No matter what the experts say, you cannot have it all.
Children do best when helped to hold realistic expectations about themselves and about others. That is one of the main sources of emotional intelligence. How to get your child there? Here are three tips.
Parenting tip one: Get you own expectations in order. New parents are always shocked by how fast the bubble of bliss breaks. Then come the parents whose bubble of competence bursts when a kid turn on them when puberty sets in. False expectations working.
Parenting is hard work and angst combined with laughs, play, and good times. Moreover, all society promotes the idea that if a parent does it right all will be right. Hah. Humbug. Parents do not control all. Live with a colicky baby or a teen in love with the baddest other kid in town and you know what I mean.
Parenting tip two: Assume responsibility for your own happiness. I am a parent watcher and mostly in my treks around town see stay-at-home parents. Great when they are obviously happy with their lot. Not so hot when resentful.
Saw three mothers yesterday at the swimming pool. One was taking delight in her child’s playing; one was engrossed in her smart phone, but did look up fairly often and smile happily when her child came to her for something; the other was stretched out on a lounger with a towel over her face, when it started to rain, her kids had to wake her up. She got up grumpily. Lit a cigarette and gathered her posssessions without a word to her kids.
Maybe she was having sweet dreams, but she was sending a harmful message. She needs to get happy. Minimally, to do what the second woman does, but not to konk out.
And yes, I understand, maybe she worked the night shift; still, her face and her child’s face showed no warmth for each other and that is hurtful. Better to spend a little bit of happy time together and more time apart then being miserable most of the time together.
And maybe she was a hired care taker. If that is the case, the unhappiness worries me also.
Parenting tip three: Remember age and stage. Preschool aged children live on feelings – a day-dream that feels good is as good as reality. School age kids have a better sense of reality. When adolescence approaches reality becomes clearer.
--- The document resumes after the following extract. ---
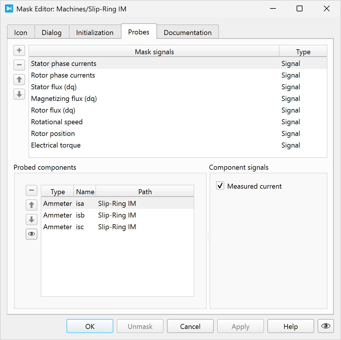 The Probes pane enables you to define the probe signals that the masked subsystem will provide to the PLECS Probe. Mask probe signals appear in the probe editor in the order they appear in the mask signal list. You can add or remove signals or change their order by using the four buttons to the left of the signal list.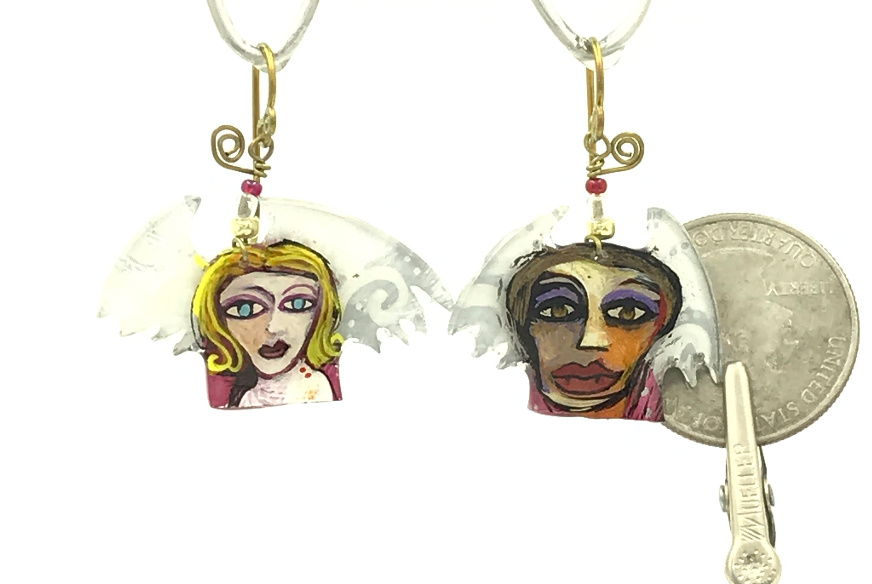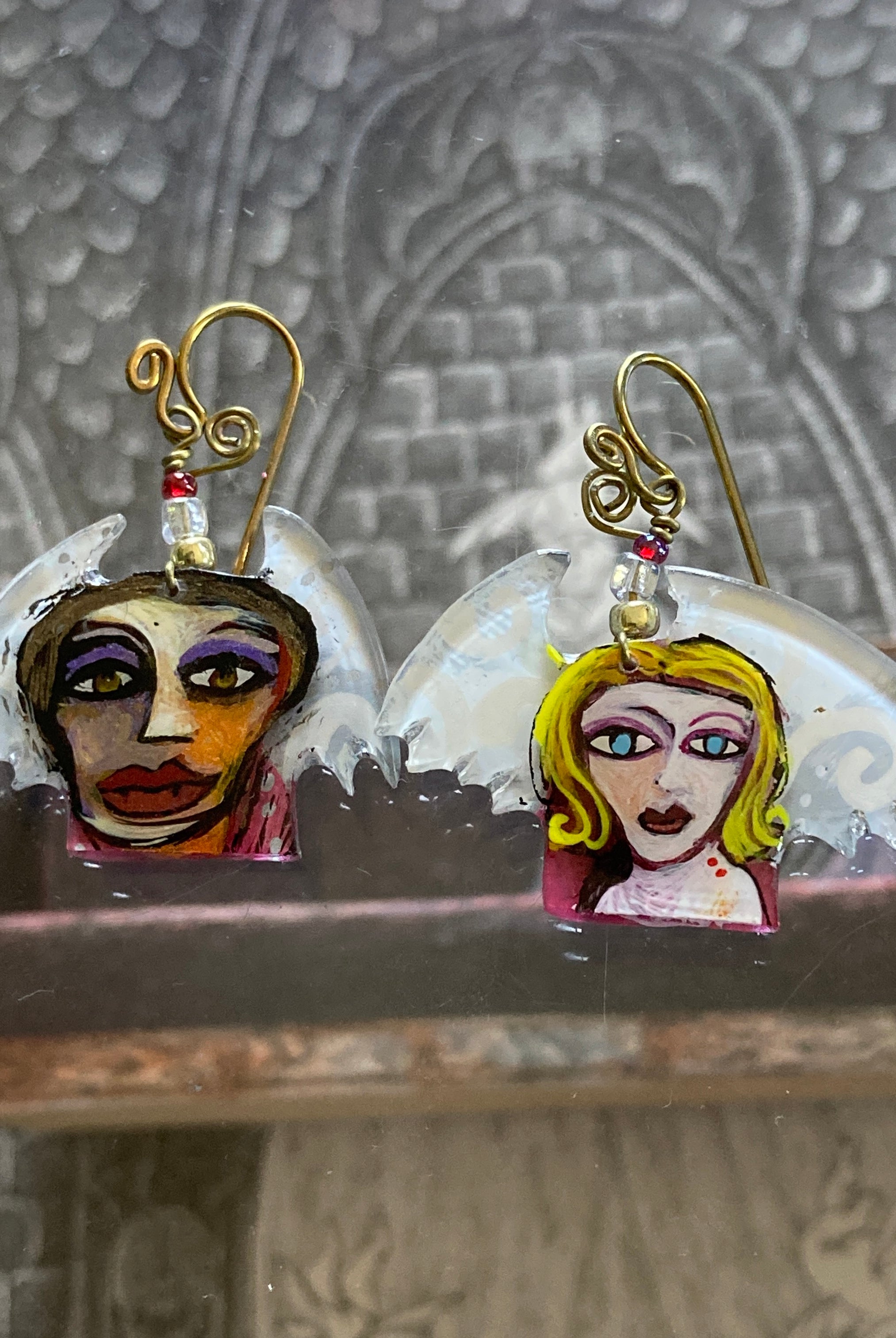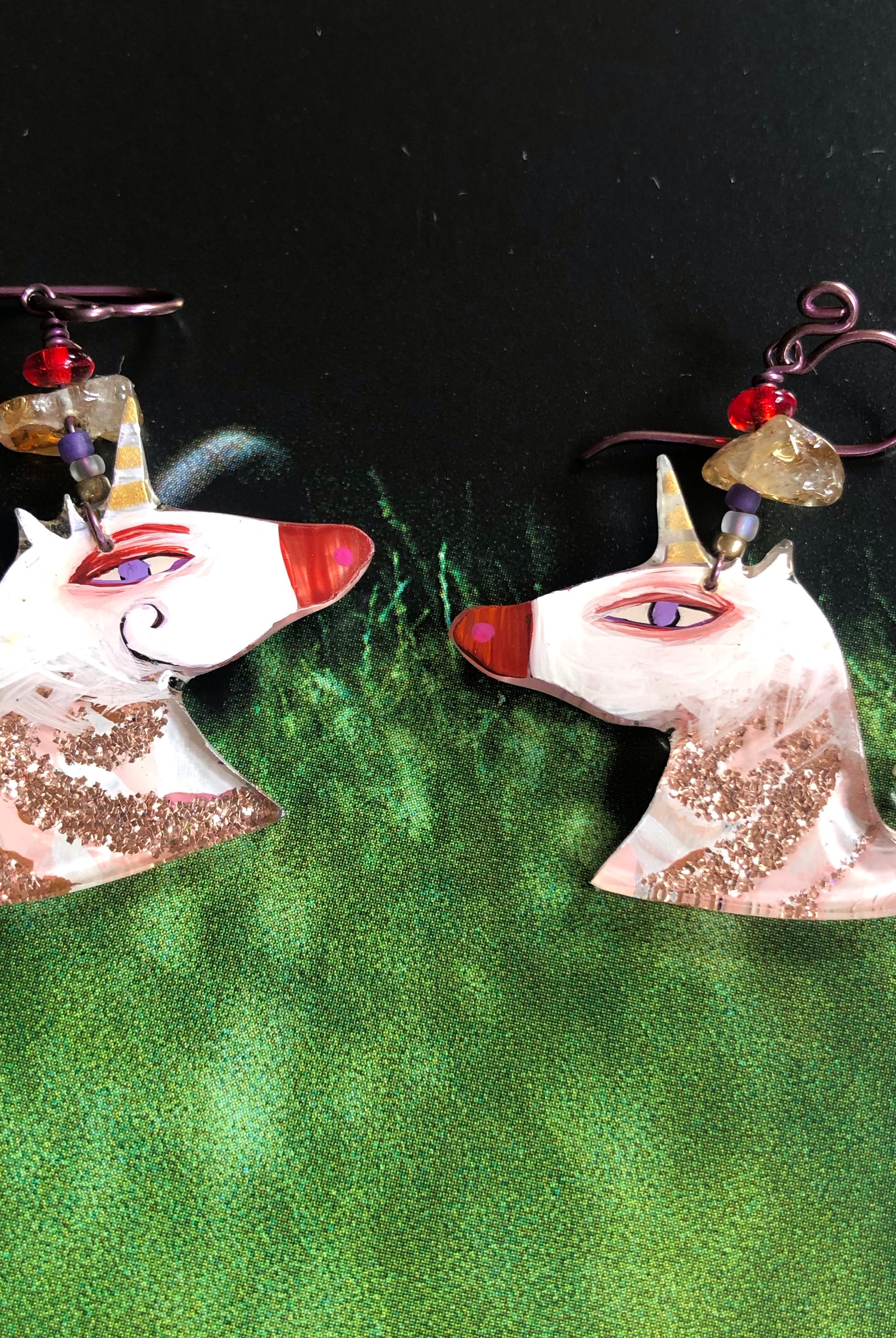 The handpainted earrings are the most challenging. Making a little painting in such a tiny place! But the results are so satisfying. Most all of the ear wires are made of Niobium, a metal all on its own on the Periodic Scale. They are safer for sensitive ears, than gold or silver. A few are sterling silver, noted in the descriptions.

What to do?
At every stage label fantasy, “Nice, but not real.” Label dreams dreams by saying, “Work hard, and wish for the best.”
Comment off and on once kids can read that good happens, bad happens, some things go as planned, something don’t go as planned and part of being emotionally strong is learning to roll with what life gives you.
Parenting tip four: Learn and teach your child how to get past the bad times and develop a strong protective armor particularly for smaller hurts. I was raised to ignore someone else’s nasty words if sent my way. Saved me a lot of angst.
Thank you for all you do, enjoy and be grateful for all you have been given, practice kindness, like, share or comment. Sharing is caring.
WORD PRESS DAILY PROMPT
This post relates to this DAILY PROMPT: 190 Days Later -Back on January 21st, we asked you to predict what day #211 would be like. Well, July 30th is that day — how have your predictions held up so far? If you didn’t reply to the prompt at the time, is this year turning out to be as you’d expected?
My answer, I try hard to keep my expectations realistic. Not easy and the fact is expecting a bit more than I can do stretches me; but expecting too much frustrates. As I age, I tend to think I am younger than I am and do expect more than is reasonable. No exception in my hopes for this year. That said, I am still on track for some of my goals and hoping to have a bit of luck to meet the important ones.